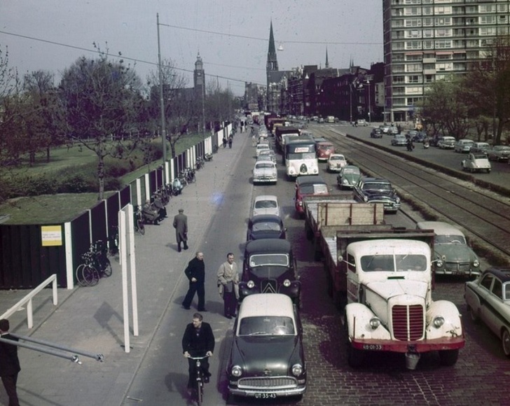 De Westzeedijk in april 1960. We kijken richting Vasteland. Rechts de Sint Ignatiuskerk en links de Nieuwe Zuiderkerk.
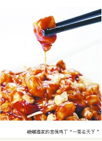 據(jù)介紹,“峨嵋川菜”的主要特點(diǎn)是:根據(jù)當(dāng)?shù)貍鹘y(tǒng)手法,結(jié)合北京人飲食習(xí)俗、口味需求而調(diào)整和創(chuàng)新的川菜。因菜式以味見(jiàn)長(zhǎng),所以受到顧客的追捧。就拿最具代表性的“宮保雞丁”來(lái)說(shuō),盡管原料普通,但做法平中見(jiàn)奇,特別是酸甜混合味道的“小荔枝口”,降低了傳統(tǒng)川菜中的辣味,增大了酸甜味,成菜上桌五味迭出,先甜后微酸、略有椒香、咸鮮還稍帶點(diǎn)麻口,最講究的是菜肴食盡后盤中“只見(jiàn)紅油不見(jiàn)汁”,這就是峨嵋酒家在北京獨(dú)創(chuàng)的“散籽吐油”法。
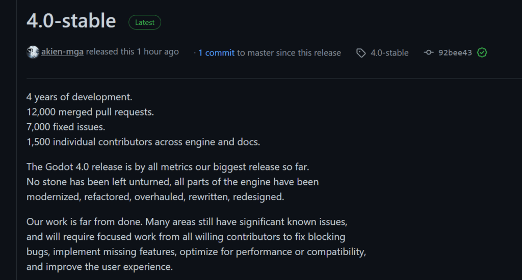No more waiting for Godot 4.0! You can finally download Godot 4.0 stable. After more than 3 years of an impressive community-driven effort with thousands of developers and almost 22000 contributions, Godot 4.0 is finally here!
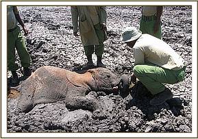 During the morning of the 25th September, Head Elephant Keeper Benjamin, based at the Ithumba Elephant Rehabilitation Unit in Northern Tsavo East National Park, happened to be taking rocks by tractor to the Ithumba Dam where the Trust has recently sunk another borehole to alleviate the ongoing dry season water crisis which always presents us with a huge headache. Having reached the dam, he noticed that an elephant calf was hopelessly bogged in the black cotton clay of the dam’s receding water level. The calf had obviously become stuck in the black cotton mud during the night, since it had not been there when Benjamin deposited another load of rocks the previous day.
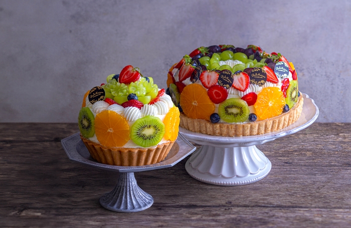 シャインマスカットといちごをふわふわのスポンジとやさしい甘さのホイップクリームでサンドし、カスタードタルトに重ねました。5種類のフルーツを華やかに飾ったアニバーサリー限定のタルトです。

__INSTRUCTIONS TO FOLLOW__: The response should contain every record above exactly as written, and none of the pictures.

__SOLUTION TO THIS PROBLEM__:
 De Westzeedijk in april 1960. We kijken richting Vasteland. Rechts de Sint Ignatiuskerk en links de Nieuwe Zuiderkerk.
 據(jù)介紹,“峨嵋川菜”的主要特點(diǎn)是:根據(jù)當(dāng)?shù)貍鹘y(tǒng)手法,結(jié)合北京人飲食習(xí)俗、口味需求而調(diào)整和創(chuàng)新的川菜。因菜式以味見(jiàn)長(zhǎng),所以受到顧客的追捧。就拿最具代表性的“宮保雞丁”來(lái)說(shuō),盡管原料普通,但做法平中見(jiàn)奇,特別是酸甜混合味道的“小荔枝口”,降低了傳統(tǒng)川菜中的辣味,增大了酸甜味,成菜上桌五味迭出,先甜后微酸、略有椒香、咸鮮還稍帶點(diǎn)麻口,最講究的是菜肴食盡后盤中“只見(jiàn)紅油不見(jiàn)汁”,這就是峨嵋酒家在北京獨(dú)創(chuàng)的“散籽吐油”法。
No more waiting for Godot 4.0! You can finally download Godot 4.0 stable. After more than 3 years of an impressive community-driven effort with thousands of developers and almost 22000 contributions, Godot 4.0 is finally here!
 During the morning of the 25th September, Head Elephant Keeper Benjamin, based at the Ithumba Elephant Rehabilitation Unit in Northern Tsavo East National Park, happened to be taking rocks by tractor to the Ithumba Dam where the Trust has recently sunk another borehole to alleviate the ongoing dry season water crisis which always presents us with a huge headache. Having reached the dam, he noticed that an elephant calf was hopelessly bogged in the black cotton clay of the dam’s receding water level. The calf had obviously become stuck in the black cotton mud during the night, since it had not been there when Benjamin deposited another load of rocks the previous day.
 シャインマスカットといちごをふわふわのスポンジとやさしい甘さのホイップクリームでサンドし、カスタードタルトに重ねました。5種類のフルーツを華やかに飾ったアニバーサリー限定のタルトです。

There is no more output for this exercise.